The Plain was the great pasture beside the New Sea, where Bevis and Mark bathed and ran about in the sunshine. It was some seventy or eighty acres in extent, a splendid battle-field.
"We're not going to march," said Mark, taking something on himself as lieutenant.
"We're not going to march," said Bevis. "But I did not tell you to say so; I mean we are not going to march the thousand miles, Ted; we will suppose that."
"All right," said Ted.
"But we're going to have camps," continued Bevis. "You're going to have your camp just outside the hedge towards the hills, because you live that side, and you will come that way. Here,"--he showed Ted a circle, drawn on the map to represent a camp,--"that's yours; and this is ours on this side, towards our house, as we shall come that way."
"The armies will encamp in sight of each other," said Phil. "That's quite proper. Go on, Bevis. Shall we send out scouts?"
"We shall light fires and have proper camps," said Bevis.
"And bring our great-coats and cloaks, and a hamper of grub,"
interrupted Mark, anxious to show that he knew all about it.
Bevis frowned, but went on. "And I shall send one of my soldiers to be with you, and you will send one of yours to be with me--"
"Whatever for?" said Ted. "That's a curious thing."
"Well, it's to know when to begin. When we are all there, we'll hoist up a flag--a handkerchief will do on a stick--and you will hoist up yours, and then when the war is to begin, you will send back my soldier, and I will send back yours, and they will cross each other as they are running, and when your soldier reaches you, and mine reaches me--"
"I see," said Ted, "I see. Then we are to march out so as to begin quite fair."
"That's it," said Bevis. "So as to begin at the same minute, and not one before the other. I have got it all ready, and you need not have sent people to worry me to make haste about the war."
"Well, how was I to know if you never said anything?" said Ted.
"And who are we to be?" said Val. "Saxons and Normans, or Crusaders, or King Arthur--"

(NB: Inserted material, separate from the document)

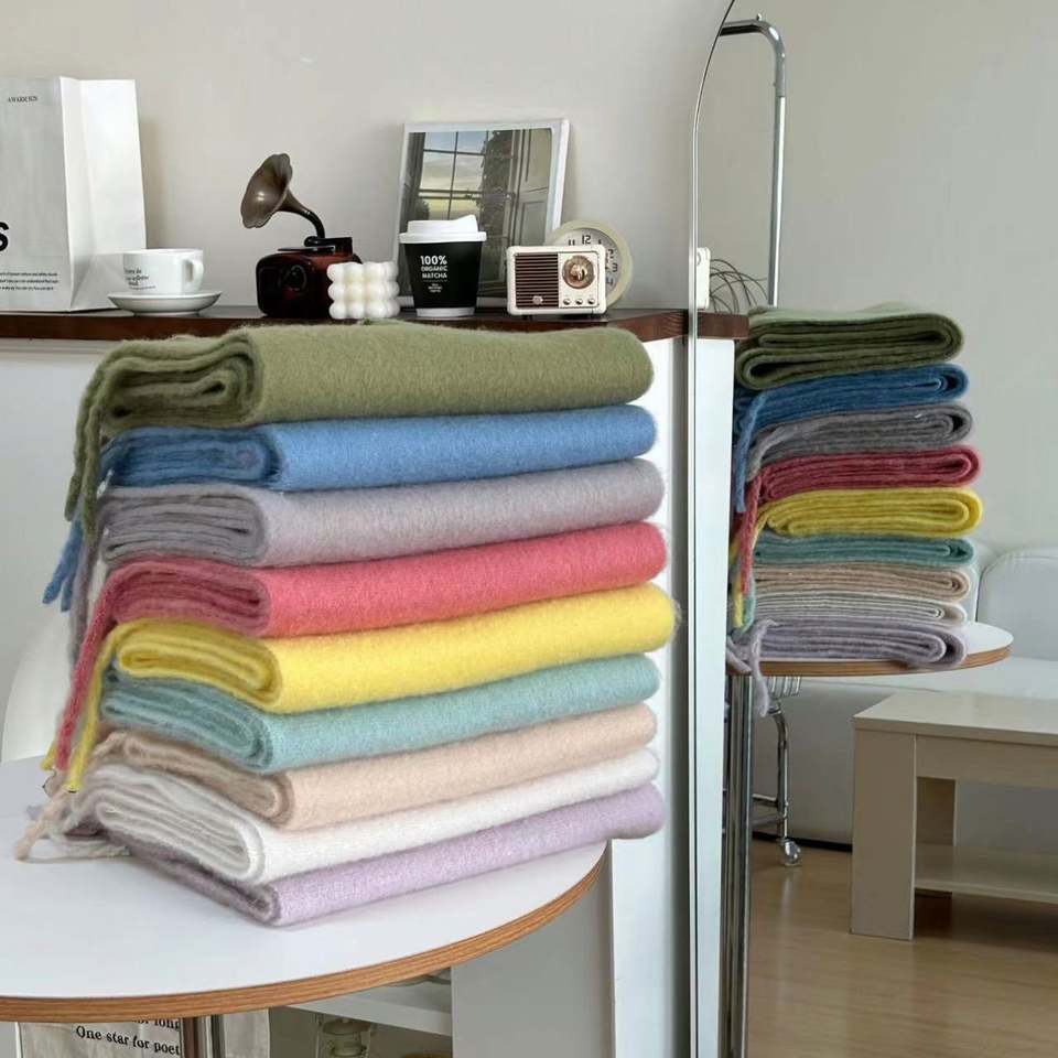 ผ้าพันคอยาวขนหนาพร้อมพู่ห้อยสำหรับผู้หญิงผ้าพันคอแคชเมียร์สุดหรูมาใหม่2024สำหรับฤดูหนาว

"We're all to be Romans," said Bevis.
"Then it will be the Civil War," said Phil, who had read most history.
"Of course it will," said Bevis, "and I am to be Julius Caesar, and Ted is to be Pompey."
"I won't be Pompey," said Ted; "Pompey was beat."
"You must," said Bevis.
"I shan't."
"But you _must_."
"I won't be beaten."
"I shall beat you easily."
"That you won't," very warmly.
"Indeed I shall," said Bevis quite composedly, "as I am Caesar I shall beat you very easily."
"Of course we shall," added Mark.
"You won't; I've got the biggest soldiers, and I shall drive you anyhow."
"No, you won't."
"I've got Val and Phil and Tim, and I mean to have Ike, so now--"
"There, I told you," said Mark to Bevis. "He's got all the biggest, and Ike is a huge big donk of a fellow."